Но во дворце Чиги и другие, кроме Чиано, видели и понимали, что немцам достаточно было сделать предупреждение, чтобы заставить его засуетиться. 27 мая, на следующий день после встречи дуче с Бадолио, один из ведущих сотрудников МИДа граф Луча Пиетромарчи получил из дворца Венеция строгое замечание. Вплоть до этого дня он вел довольно успешно переговоры с англичанами, в результате которых сэр Уилфред Грин, хранитель судебного архива, сделал заявление в Лондоне, что Британия намерена ослабить свой контроль за контрабандными перевозками в Средиземноморье в отношении Италии. Это известие вызвало в Берлине острую реакцию со стороны Германа Геринга.
— Вам необходимо аннулировать любое соглашение с англичанами и французами, — было передано Пиетромарчи. — Дуче сказал, что он не бандит с большой дороги, делающий свои дела с пистолетом в одной руке и Библией в другой.
С этого времени Муссолини видел свою жизнь как в разбитом зеркале — с одной стороны реальность, которую он осознавал, с другой — представление о самом себе, созданное им за предыдущие годы.
Вместе с тем вокруг него хватало еще подхалимов и льстецов, которые убеждали его, что все обстоит хорошо. Даже Бадолио, бывший начальником генерального штаба, старался не потерять свой доход в два миллиона лир. Генерал Убальдо Содду, заместитель военного министра, для демонстрации военной мощи увеличил на бумаге численность дивизий с сорока до семидесяти трех, засчитав полки в качестве дивизий. Он знал, что Муссолини не догадается о наличии в составе артиллерии орудий еще четырнадцатого века, отлитых из меди, а также о включении в число армейских бронемашин полицейских, лишь окрашенных в цвет хаки.

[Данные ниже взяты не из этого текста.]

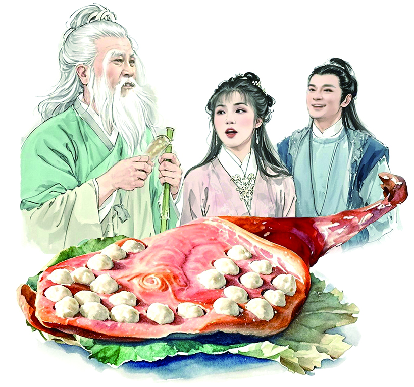金庸笔下的群侠中最喜欢火腿的当数洪七公。这位金庸小说中头号美食达人,曾经因为贪吃误事,砍掉了自己的一个手指头,自此成为“九指神丐”,却依旧改不了对美食的爱好。他不但爱吃,还很懂吃,能把各样菜肴里有什么食材说得头头是道。这样的美食家爱好火腿是很自然的。《射雕英雄传》第十二回提到,在吃完“二十四桥明月夜”第二天,黄蓉又做了三色小菜,洪七公手拿一只火腿脚爪慢慢啃着,跟黄蓉讲起了过去的事情……火腿吊挂发酵时,火腿脚爪处在上部,油脂和盐分都向下流动,所以火腿脚爪部位盐和油含量不高,骨头多、胶质多、肉少,滋味浓郁,适合慢慢啃。懂得吃火腿脚爪,正是老饕的表现。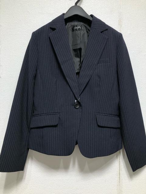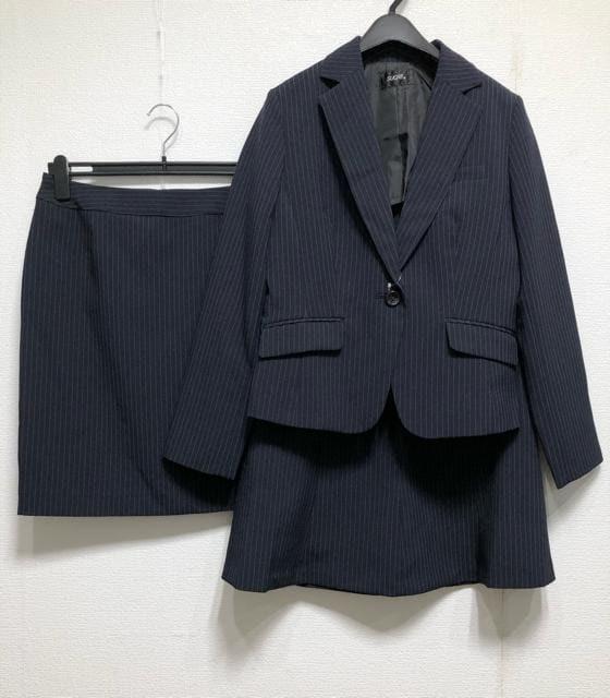新品☆13号L♪紺系ストライプお仕事オフィスに2スカートスーツ☆u604

Людей, подобных генералу Джиакомо Карбони, начальнику военной разведки, Муссолини слушал с неохотой, предпочитая общение с теми, кто говорил ему то, что он желал слышать. За время четырехдневной поездки в Германию в январе Карбони установил, что разрекламированная Гитлером военная мощь является блефом: для нужд армии не хватало продовольствия и сырья, подвижной состав был сильно изношен, настроение армейского командования весьма пессимистично. Муссолини расценил его доклад как «доклад человека, не любящего немцев». Чтобы доказать ошибочность взглядов Карбони, дуче послал в Германию некоего полковника, представителя итальянской молодежной организации. И через четыре дня понятливый офицер доложил о наличии у Гитлера двухсот отлично экипированных и боеспособных дивизий.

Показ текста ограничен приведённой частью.